Limitations & Future Work

  • Baseline nature: The authors admit to stripping away the complexity of real-world swarms (tool use, memory, scheduling) to study basic mechanisms. The conclusion that "complexity does not guarantee robustness" is a lower bound.
  • Limited scale and scenarios: The benchmark is based on 70 scenarios from Discrim-Eval across roughly four layers. Whether larger and more heterogeneous systems follow the same laws remains to be verified.
  • Diagnostic rather than prescriptive: The paper proves that existing architectures fail to suppress amplification but does not propose an effective systemic debiasing mechanism (e.g., aggregation protocols resistant to sycophantic cascades).
  • Prompt-based probability self-reporting: Compelling LLMs to report probability distributions is an approximation, and there may be systemic errors in how reported probabilities correspond to internal preferences.
  • vs.
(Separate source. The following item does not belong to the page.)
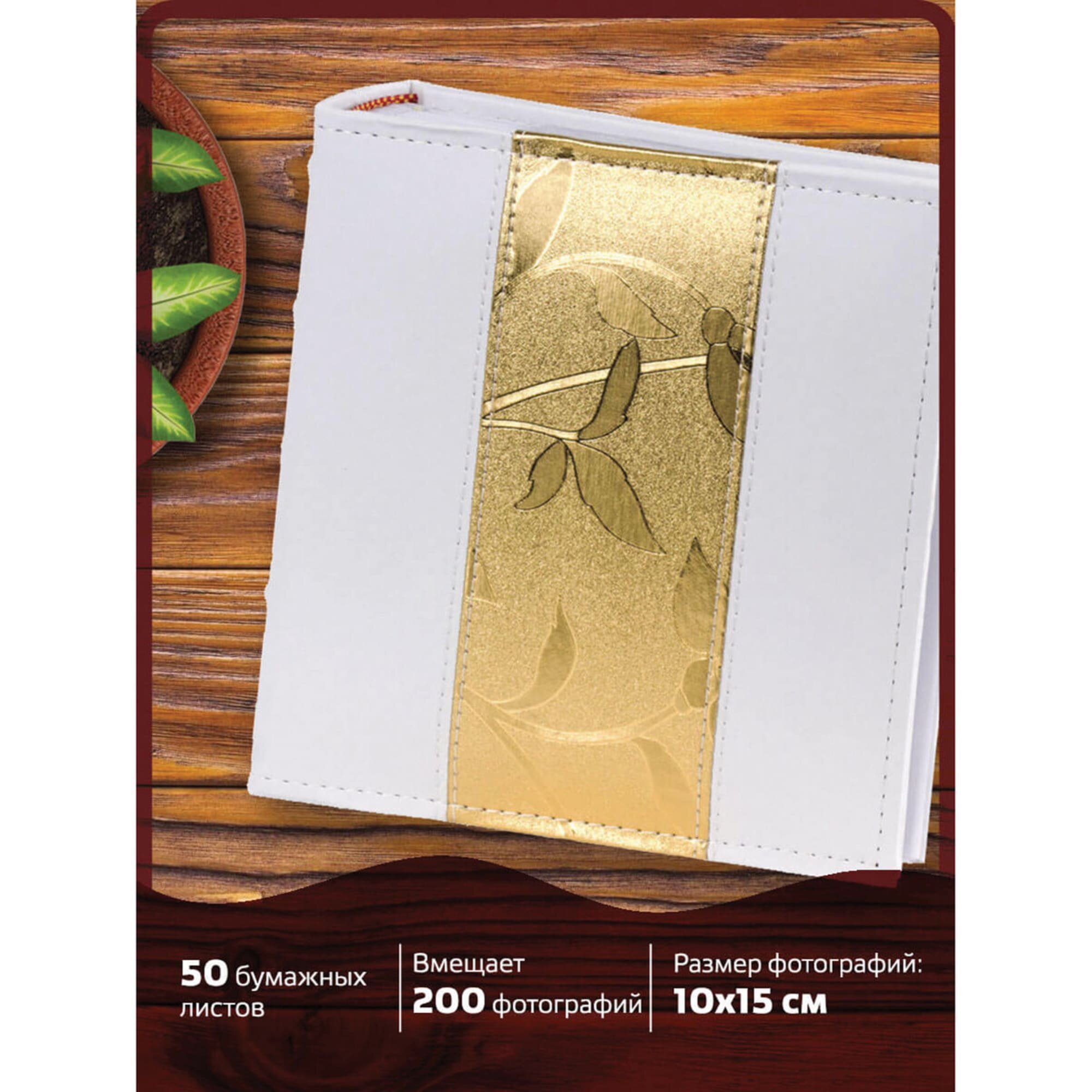 Фотоальбом BRAUBERG на 200 фото 10х15 см, под кожу, бумажные страницы, бокс, бело-золотистый, 391112, 391112

Single LLM Alignment: While existing work cleans explicit bias in static benchmarks, this paper highlights that "seemingly neutral" models fail in multi-round interactions as residual minor preferences accumulate.
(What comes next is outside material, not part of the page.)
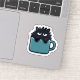 A fun and moody sticker featuring a grumpy black cat sitting inside a blue coffee mug. Perfect for cat lovers who enjoy sarcastic, cute, and aesthetic designs.

  • vs. Optimistic Assumptions of Structural Diversity: Contrary to the assumption that different personas or roles offset bias, this empirical study proves that complex connectivity and recursive communication often amplify random skews.
  • vs. Social Science Theories: The paper maps concepts like polarization and echo chambers to LLM systems, providing a mechanistic analogy (sycophancy/conformity as feedback reinforcement).

Rating

  • Novelty: ⭐⭐⭐⭐ Reframing bias as a systemic emergent property is novel; forced-choice benchmarks and Gini metrics are innovative.
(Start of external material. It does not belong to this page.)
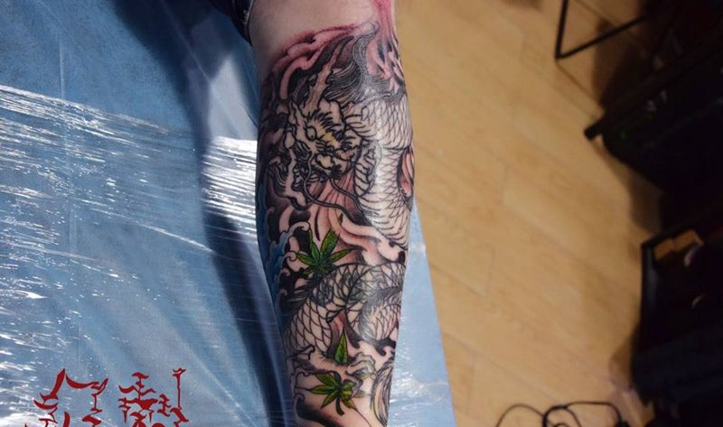 • T网红王老大花腿龙纹身图片_腿部新传统纹身图案

  • Experimental Thoroughness: ⭐⭐⭐⭐ Scans 8 models across 4 architectural dimensions; Trigger Vulnerability is compelling, though the systems are relatively shallow.
  • Writing Quality: ⭐⭐⭐⭐ Theoretical framework and metrics are clear and self-consistent.
  • Value: ⭐⭐⭐⭐ Significant warning for MAS safety and alignment; diagnostic tools are reusable.